Code&Data Insights
[Deep Learning] Regularization - Dropout | Data Augmentation | Multitask Learning 본문
[Deep Learning] Regularization - Dropout | Data Augmentation | Multitask Learning
paka_corn 2023. 12. 10. 08:31Regularization
: techniques used to control the complexity of models and prevent overfitting are known as regularization techniques
=> Increase generalization ability!
=> Deep Neural Networks are models with large capacity and thus more prone to overfitting problems!!!
Data Augmentation
: create fake training data by applying some transformations to the original data
- Used for classficiation problems, moslty image and audio
=> augmentation applied at different levels of abstraction
Noise injection might also work when noise is applied to the hidden units
Multitask Learning
: divide the architecture into a shared one (early layers) and a task-specific one(last layers)
- input must be same!
=> The shared representation will be much more robust and general as trained with more data on different tasks.
Dropout
: a regularization method that efficiently approximates training a large number of neural networks.
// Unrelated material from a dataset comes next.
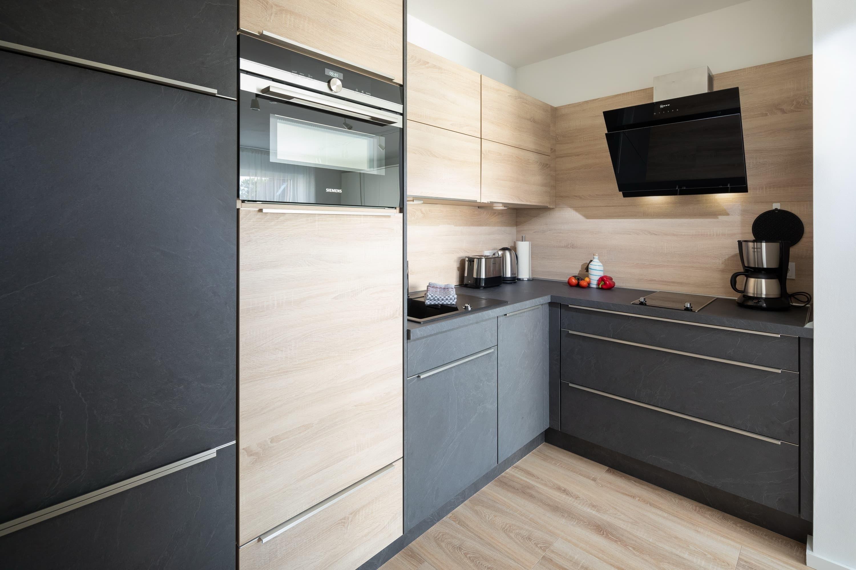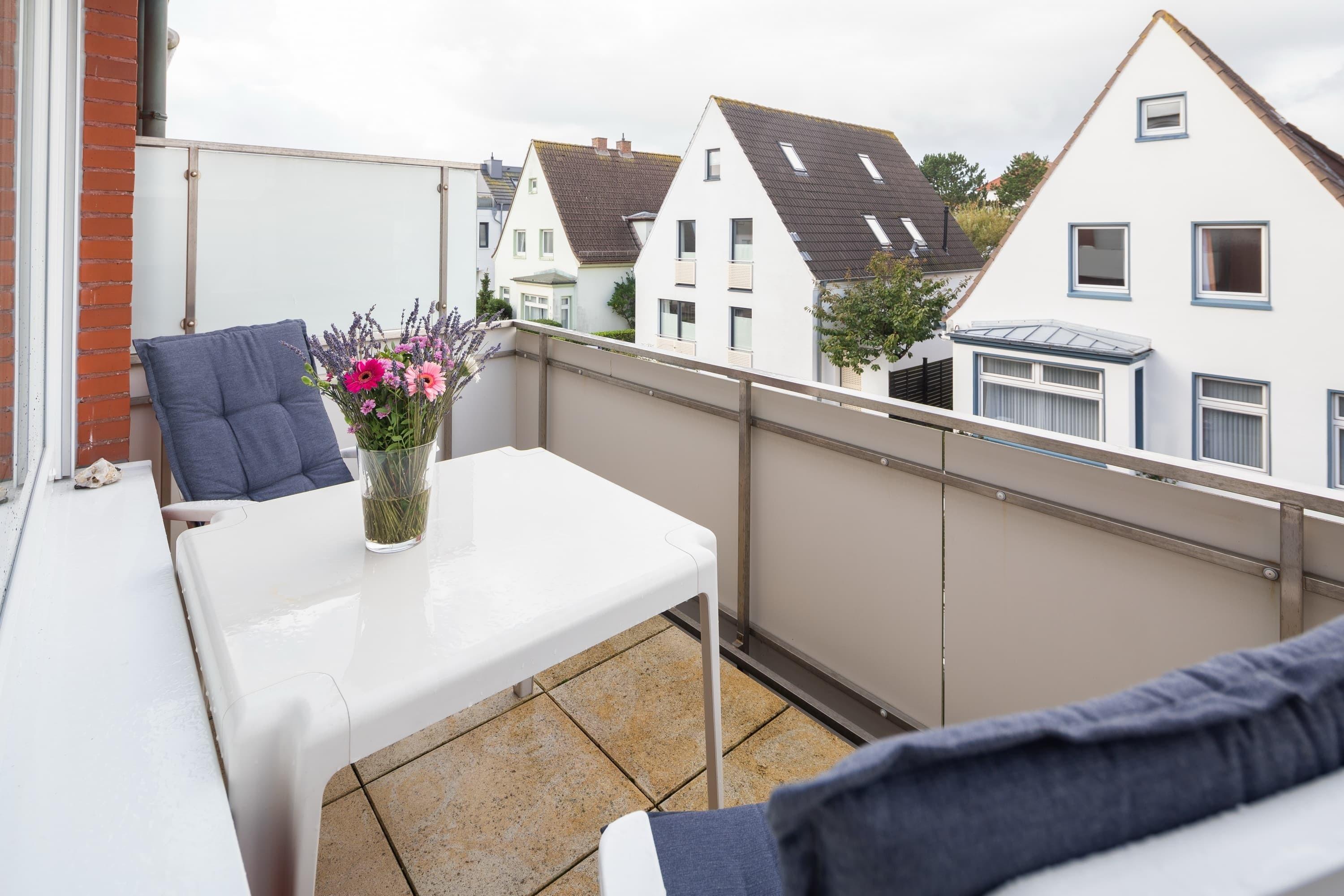 Die Ferienwohnung wurde 2019 komplett saniert. Der helle Wohn- und Schlafraum bietet ein hochwertiges Schrankbett mit integriertem Sofa. Am Esstisch können Sie gemeinsam frühstücken oder im gemütlichen Sessel etwas lesen. Die schöne Fototapete sorgt auch bei Nieselregen für Urlaubsgefühl! Die Küche bietet alle gängigen Elektrogeräte und wird auch Kochliebhabern gerecht. Vom Wohn- und Schlafraum aus gelangen Sie auf den geräumigen Balkon, von dem aus Sie die Dünen des Nordstrandes sehen können. Nur 50m sind es bis zum beliebten „Januskopf“ mit Surfcafé und Cornelius.

=> Dropout can be viewed as a cheap way to train ensemble models with an exponential number of architectures.
During training,
Some neurons are randomly ignored or dropped out
- neurons are temporarily removed from the networkd along with their input and output connections
- the probability of dropping a neuron is called dropout rate ρ
- One way to implement it is to sample a binary mask(that contains 0s and 1s) for each layer and multiply it with the output of the neurons
=> For every input sample, we sample a different mask
During testing,
- Dropout is not used at test time
- all the neurons are active, so we have to scale their outputs properly
=> we have a mismatch in the input scale between training and test! This might significantly harm the performance.
=> we can compensatef or the effect of dropout by multiplying each input by(1-p) at test time.